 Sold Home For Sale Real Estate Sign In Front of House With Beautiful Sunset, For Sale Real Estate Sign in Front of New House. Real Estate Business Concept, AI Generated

○ ○ ○

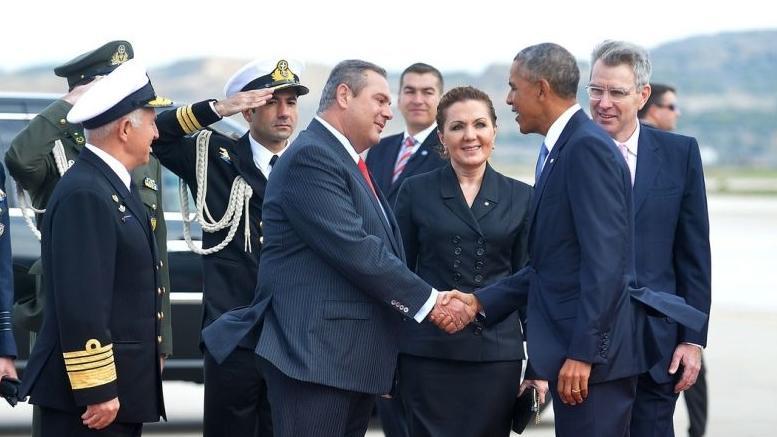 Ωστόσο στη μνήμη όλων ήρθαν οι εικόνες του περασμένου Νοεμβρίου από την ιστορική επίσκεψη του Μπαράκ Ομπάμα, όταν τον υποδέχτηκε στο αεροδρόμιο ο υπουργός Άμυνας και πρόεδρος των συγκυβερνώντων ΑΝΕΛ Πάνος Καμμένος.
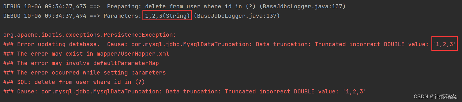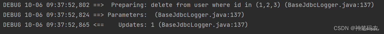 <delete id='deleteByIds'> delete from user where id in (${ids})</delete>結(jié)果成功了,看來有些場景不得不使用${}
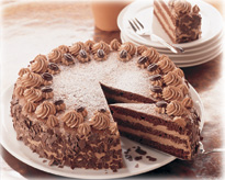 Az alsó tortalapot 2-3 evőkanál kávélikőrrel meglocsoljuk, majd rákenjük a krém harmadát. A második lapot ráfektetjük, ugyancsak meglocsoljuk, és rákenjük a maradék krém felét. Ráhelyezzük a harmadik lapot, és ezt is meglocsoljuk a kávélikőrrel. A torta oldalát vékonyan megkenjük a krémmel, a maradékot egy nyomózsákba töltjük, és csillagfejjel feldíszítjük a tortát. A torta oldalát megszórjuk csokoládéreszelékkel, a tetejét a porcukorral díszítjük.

○ ○ ○

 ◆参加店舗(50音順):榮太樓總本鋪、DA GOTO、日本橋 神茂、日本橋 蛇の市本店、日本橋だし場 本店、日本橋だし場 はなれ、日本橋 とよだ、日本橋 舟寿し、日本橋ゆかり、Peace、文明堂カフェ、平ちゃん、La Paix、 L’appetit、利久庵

○ ○ ○

* **WHAT YOU NEED TO DO**:
Everything above from the line containing "<delete id='deleteByIds'> delete" through the line containing "Az alsó tortalapot" must be repeated exactly, and the pictures must be left out.

* **REPLY**:
 <delete id='deleteByIds'> delete from user where id in (${ids})</delete>結(jié)果成功了,看來有些場景不得不使用${}
 Az alsó tortalapot 2-3 evőkanál kávélikőrrel meglocsoljuk, majd rákenjük a krém harmadát. A második lapot ráfektetjük, ugyancsak meglocsoljuk, és rákenjük a maradék krém felét. Ráhelyezzük a harmadik lapot, és ezt is meglocsoljuk a kávélikőrrel. A torta oldalát vékonyan megkenjük a krémmel, a maradékot egy nyomózsákba töltjük, és csillagfejjel feldíszítjük a tortát. A torta oldalát megszórjuk csokoládéreszelékkel, a tetejét a porcukorral díszítjük.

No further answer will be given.